Materials and methods

Study sites

We studied 11 forest plots and 3 reference sites located in the federal state of Mecklenburg-Vorpommern in NE Germany (Tables 1 and 2). The lowland area is flat to slightly hilly and characterised by morainic plains, terminal moraines and outwash plains. The climate is temperate with a mean annual air temperature of 8.8°C and mean annual precipitation of 620 mm (1983–2013, German Meteorological Service DWD). The forest plots were selected to cover the variety of forest types found in the area (Table 1). Plots were placed at a distance of 150–650 m from the nearest forest edge. At each plot, tree and shrub cover was recorded and surface samples were collected for pollen analysis. In addition, we collected surface samples from three large basins close to the sampled forest plots to assess regional pollen deposition (Table 2).

Table 1.

Forest sites.

Sample/plot	Study site	Latitude (N)	Longitude (E)	Sample type	Site type	Distance to reference site (km)	Arboreal vegetation
CON17	Conower Werder	53°17′45.88″	13°28′26.29″	Top of core	Small peatland	0.8	Fagus stand
DAMM	Dammbruch	54°08′01.14″	13°16′10.65″	Moss	Forest floor	4.7	Alnus Fraxinus Quercus stand
ELD1	Eldena near Greifswald	54°04′52.6″	13°26′49.3″	Moss	Forest floor	8.7	Quercus Fagus Acer stand
ELD2	Eldena near Greifswald	54°04′16.1″	13°27′56.5″	Moss	Forest floor	10.3	Fagus stand with Fraxinus and Acer
EZA	Eldena near Greifswald	54°04′37.93″	13°28′25.20″	Top of core	Small peatland	10.3	Fagus stand with Quercus and Carpinus
GNOI1	Northeast of Gnoien	54°00′02.43″	12°40′03.18″	Moss	Forest floor	6.4	Fagus stand
GNOI2	Northeast of Gnoien	53°59′34.46″	12°40′10.81″	Moss	Forest floor	7.1	Fagus stand with Quercus
STEF1	Steffenshäger Wald	54°07′26.40″	13°17′44.25″	Moss	Forest floor	3.0	Picea Fagus stand
STEF2	Steffenshäger Wald	54°06′26.9″	13°18′13.2″	Moss	Forest floor	3.4	Fraxinus Corylus Quercus stand with Alnus
WEND1	Wendorfer Holz	54°09′15.0″	13°14′35.3″	Moss	Forest floor	7.0	Pinus Betula stand
WEND2	Wendorfer Holz	54°09′32.7″	13°14′43.9″	Moss	Forest floor	7.1	Picea stand surrounded by Pinus

Table 2.

Reference sites.

Sample	Study site	Latitude	Longitude	Site type	Reference for
CAR	Carwitzer See	53°18′13.50″N	13°28′24.19″E	Lake 175 ha	CON17
KIES	Kieshofer Moor	54°07′43.24″N	13°20′27.88″E	Peatland 32 ha	DAMM, ELD1, ELD2, EZA, STEF1, STEF2, WEND1, WEND2
STAS	Stassower See	54°02′4.20″N	12°35′15.17″E	Lake 7 ha	GNOI1, GNOI2

Pollen analysis

Surface samples for pollen analysis were collected in the centre of each forest plot. In nine of the plots, mosses were sampled at the centre and corners of a 1-m² area and mixed. The remaining two samples were taken from the surface of small peatlands (40 × 80 m for CON17 and 10 × 30 m for EZA; Table 1). In the ‘Kieshofer Moor’, a large open peatland, the upper 5 cm of Sphagnum moss was sampled, and in the lakes ‘Carwitzer See’ and ‘Stassower See’ the upper 3 cm of sediment was sampled using a gravity corer (Uwitec, Austria).

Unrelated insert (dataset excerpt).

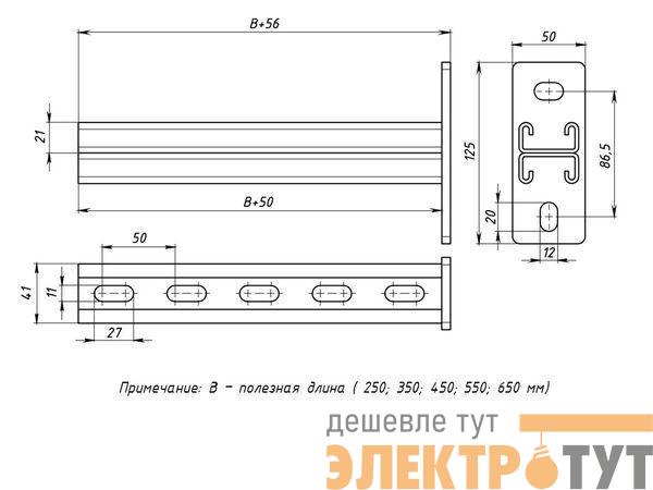 stkd412145-HDZ | Консоль STRUT двойная 41х21 L450 сталь HDZ гор. оцинк. EKF

Pollen sample preparation (cf. Fægri and Iversen, 1989) included treatment with HCl, 10% KOH, sieving (120 µm) and acetolysis (7 min); samples rich in silicates were additionally treated with HF. Samples were mounted in silicone oil and counted with 400× magnification. In order to differentiate clearly between plant taxa and pollen types, the latter are displayed in Small Capitals (Table 3; Joosten and De Klerk, 2002). Pollen nomenclature follows Moore et al. (1991).

Table 3.

Taxon names (in regular font), species observed in the relevés (in italics) and associated pollen types (following Moore et al., 1991; in small capitals). Taxon names are used to refer to both observed vegetation and pollen-based reconstructions.

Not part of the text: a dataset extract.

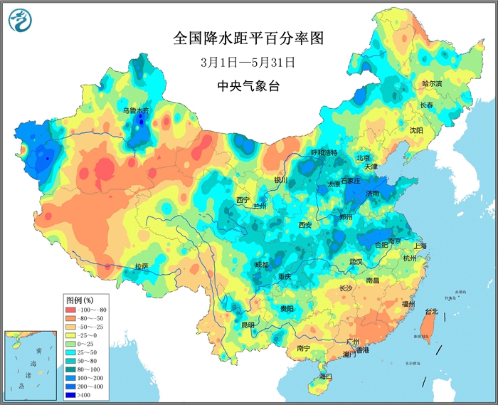 原因主要還是西太平洋副熱帶高壓系統(tǒng)強(qiáng)度偏強(qiáng),面積偏大,脊線位置偏北、西伸脊點(diǎn)位置偏西,來(lái)自西太平洋的暖濕氣流向我國(guó)南方輸送水汽進(jìn)程受阻,南方降水偏少,梅雨進(jìn)程推遲。

Taxon	Observed species	Pollen type
Acer	Acer platanoides, A. pseudoplatanus	Acer campestre type
Alnus	Alnus glutinosa	Alnus
Betula	Betula pendula, Betula sp.	Betula
Carpinus	Carpinus betulus	Carpinus type
Corylus	Corylus avellana	Corylus
Fagus	Fagus sylvatica	Fagus
Fraxinus	Fraxinus excelsior	Fraxinus
Picea	Picea abies	Picea
Pinus	Pinus sylvestris	Pinus
Quercus	Quercus robur	Quercus
Arboreal Rosaceae	Crataegus sp., Prunus avium, P. padus, P. serotina, P. spinosa, Sorbus aucuparia	Rosaceae non-operculate
Salix	Salix sp.	Salix
Tilia	Tilia cordata	Tilia
Ulmus	Ulmus glabra	Ulmus glabra type

Tree and shrub cover

Forest vegetation relevés were made by estimating the crown cover of trees and shrubs of reproductive age (cf. Lang, 1994) in circular field plots of 100 m radius. Plots were subdivided into four 25-m-wide rings that were visually assessed in subsections. The obtained cover estimates were merged and normalised to a total of 100%. Taxon cover was estimated in steps of 5% – below 5% in steps of 1%. Cover below 1% was recorded by ‘+’ and ‘r’ (cf. Braun-Blanquet, 1964); for numerical analysis, these estimates were transformed to 0.5% and 0.15%, respectively.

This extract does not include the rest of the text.